World leaders gathered in Caracas to join throngs of mourners at a state funeral for Venezuela's Hugo Chavez on Friday, while the nation begins life without him with the formal swearing-in of his political heir.
Venezuela has given a lavish farewell to the leftist firebrand, with hundreds of thousands of people filing past his open casket nonstop since Wednesday to say goodbye to the man who was worshipped by the oil-rich nation's poor. The state funeral was set to begin at 2100 IST at a military academy. In the evening, Nicolas Maduro, who was Chavez's vice president, will be named acting president and elections are expected to be called within 30 days. Dozens of world leaders are attending the funeral, including Cuba's Raul Castro, Iran's Mahmoud Ahmadinejad and Belarussian strongman Alexander Lukashenko, fellow bugbears of the West long courted by the anti-US Chavez. The former paratrooper, who died Tuesday at age 58 after a long battle with cancer, will lie in state an extra seven days to allow everybody to see him. He will then be embalmed "like Ho Chi Minh, Lenin and Mao" and kept in a glass casket "for eternity," Maduro said Thursday.
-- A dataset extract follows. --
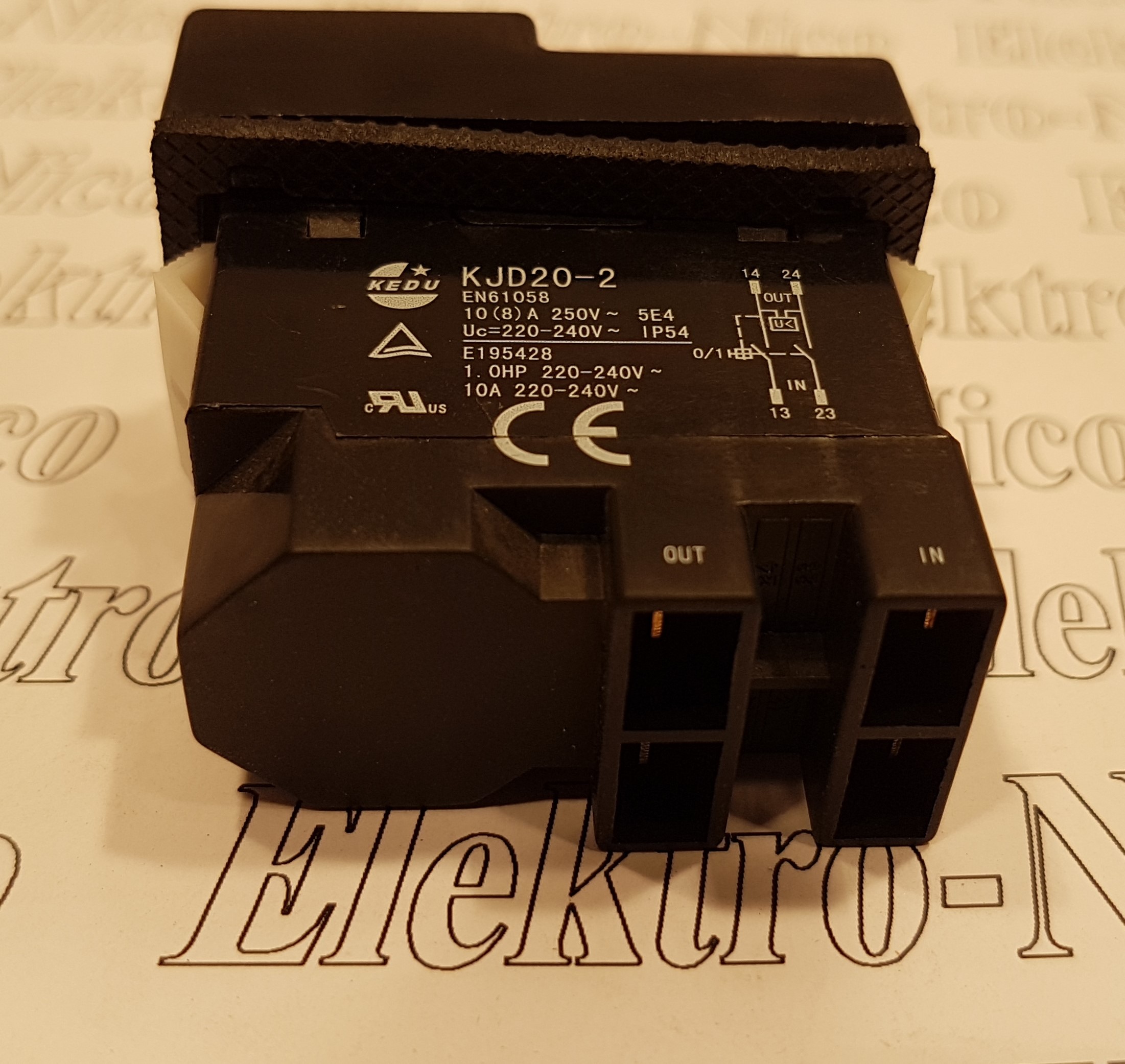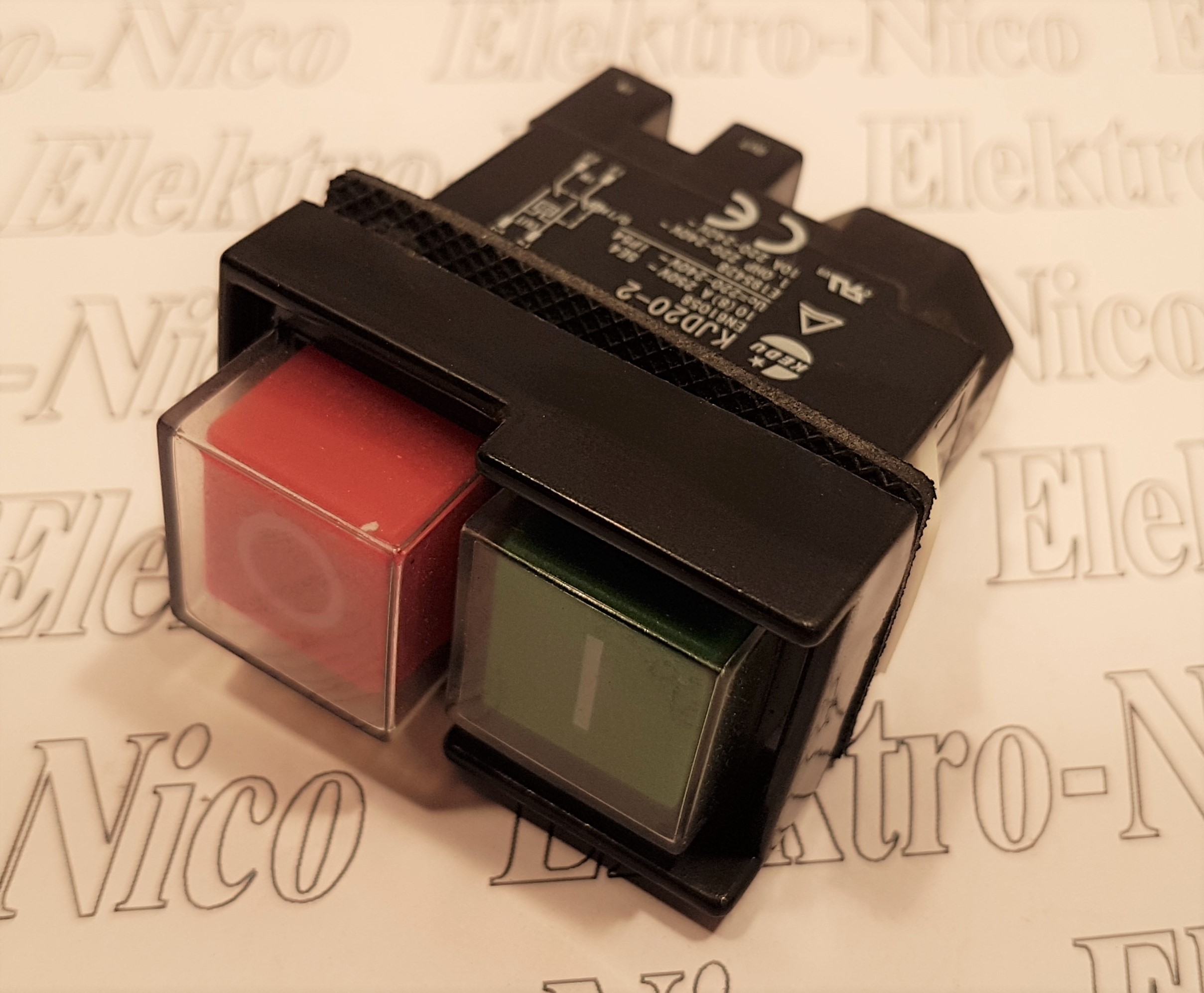 KEDU MOTORSTARTER RØD/GRØN 2POLET 230V Med spændingsfaldsudløser. AC-1 Ue:230V 10,0A Ohmsk belastning AC-3 Ue:230V 10A Elmotor 0,75KW/1HK IP55 tætning Hul/indbygningsmål ca. 46,5 x 22,2 mm Spadestik 4,8mm for kabelsko.

Maduro said the body will be taken to the "Mountain Barracks" in the January 23 slum that was a bastion of Chavez support, a facility that is now being converted into a Museum of the Revolution.
It was there that Chavez had spearheaded what proved to be a failed coup against president Carlos Andres Perez on February 4, 1992. His arrest turned him into a hero, leading to his first of many election victories in 1998. But Maduro suggested that Chavez may one day be moved elsewhere, a nod to popular pressure for him to be taken to the national pantheon to lie alongside Latin American independence hero Simon Bolivar. The government said more than two million people had come since Wednesday to get a glimpse of their hero, whose petrodollar-fueled socialism earned him friends and foes at home and abroad. Many stood in line through the night. Chavez lay in a half-open, glass-covered casket in the academy's hall, wearing olive green military fatigues, a black tie and the iconic red beret that became a symbol of his 14-year socialist rule.